Can a MongoDB document contain embedded documents?


Yes, MongoDB document can have fields that hold embedded documents. For example - in below document the field ‘address’ contains an embedded document. The field 'skills' is of type array and contains elements which are documents.

> db.employees.insertOne({fname:"John", lname:"Smith", age:"32", 
title:"Manager",dept:"IT",
address: {line1:”1111 broadway”, line2:”Flat# 203”,
city:”New York”, state:”NY”, country:”USA”},
skills: [{skill: “Java”, exp: “10”}, {skill: “Oracle”, exp: “10”},
{skill: “MongoDb”, exp: “10”}, {skill: “BigData”, exp: “10”}])

MongoDB - Read

Following are some frequently asked questions in MongoDB - Read


How do you find documents from a collection?


MongoDB provides db.collections.find() operation to find documents in a collection. The syntax of find() operation is db.collections.find({query filter},{projection}).

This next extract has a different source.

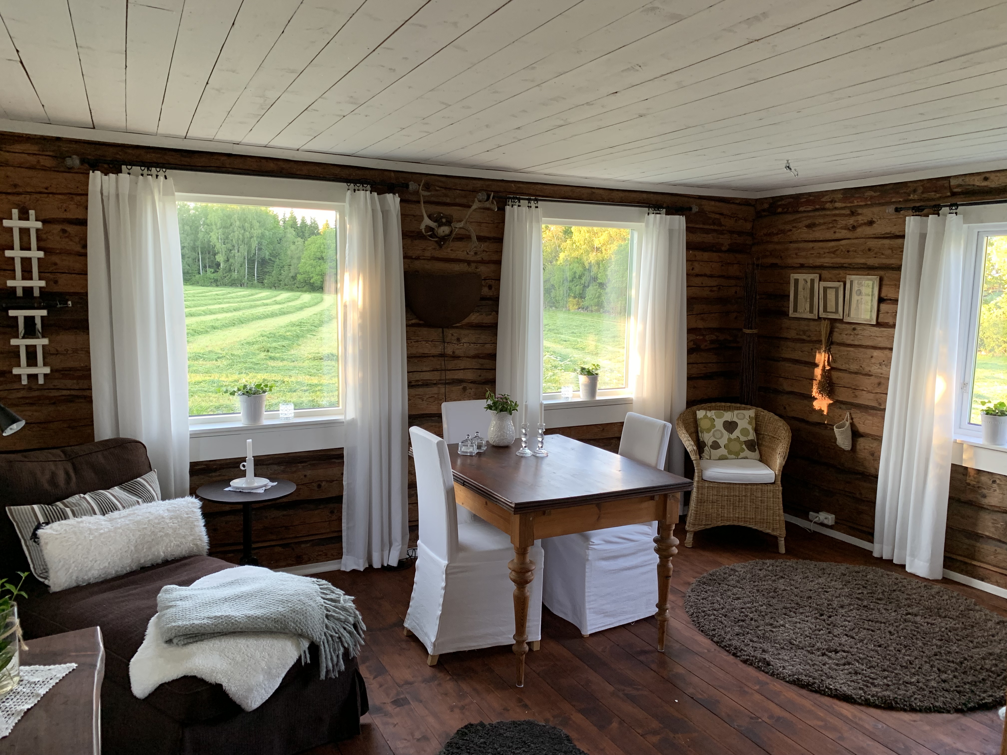 På gården har vi katt och höns. Från vår underbara trädgård som vätter mot ängen kan du både få se harar, tranor, rådjur och älgar.

You can enter search queries in 'query filter' section. For example {'title':'manager'} would return all employees whose title in 'manager'.

You can specify what data you want to see in the results. For example a projection of {'fname','lname'} would return only first name and last name from the resulting data.

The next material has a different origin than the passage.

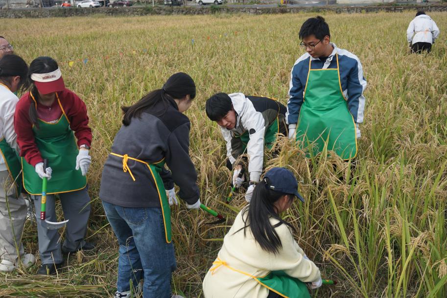 在农业技术人员的指导下,师生代表们手持镰刀,有序进入稻田体验水稻收割。弯腰、割稻,看似简单的动作,让同学们深刻体会到劳动的艰辛与收获的喜悦。明年即将迎来长征胜利90周年,本次稻田节以“稻”为纽带,既是传承长征精神中“艰苦奋斗、清正廉洁”优良作风的具体实践,也是落实高校劳育要求、培养学生“知行合一”匠心的创新举措。
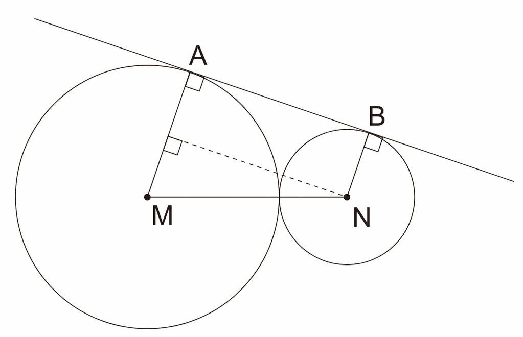 Dua lingkaran berpusat di M dan N saling bersinggungan luar. Kedua lingkaran disinggung oleh garis di titik A dan B. Jika AM = 9 cm dan BN = 4 cm, maka panjang garis singgung AB adalah ....

//find all employees whose title is manager
>db.employees.find({"title":"Manager"})

{ "_id" : ObjectId("58a0abd281554bf3084e7ee0"), "fname" : "John",
"lname" : "Doe", "age" : "25", "title" : "Manager", "dept" : "IT" },
{...}, ... , {...}

How do you find all documents from a collection?


You can find all the documents from a collection by using the find() operation without the query filter section. You can use db.collections.find() or db.collections.find({}) to find all the documents contained in a collection. For example, db.employees.find() returns all the documents contained in employees collection

>db.employees.find()

{ "_id" : ObjectId("588e54d4363650c07be0817b"),
"fname" : "John", "lname" : "Doe",
"age" : "25", "title" : "Manager",
"dept" : "IT" }, {...}, ... , {...}

How do you search for exact field matches in MongoDB. i.e how do you find all documents that contains a field with a specific value? For example, how do you find all employees in the employee collection, whose ‘title’ is ‘Manager’?


You can use db.collections.find() operation and use filter condition specifying the field and value - db.collections.find({field:value}.

Below code returns all employees whose title is Manager.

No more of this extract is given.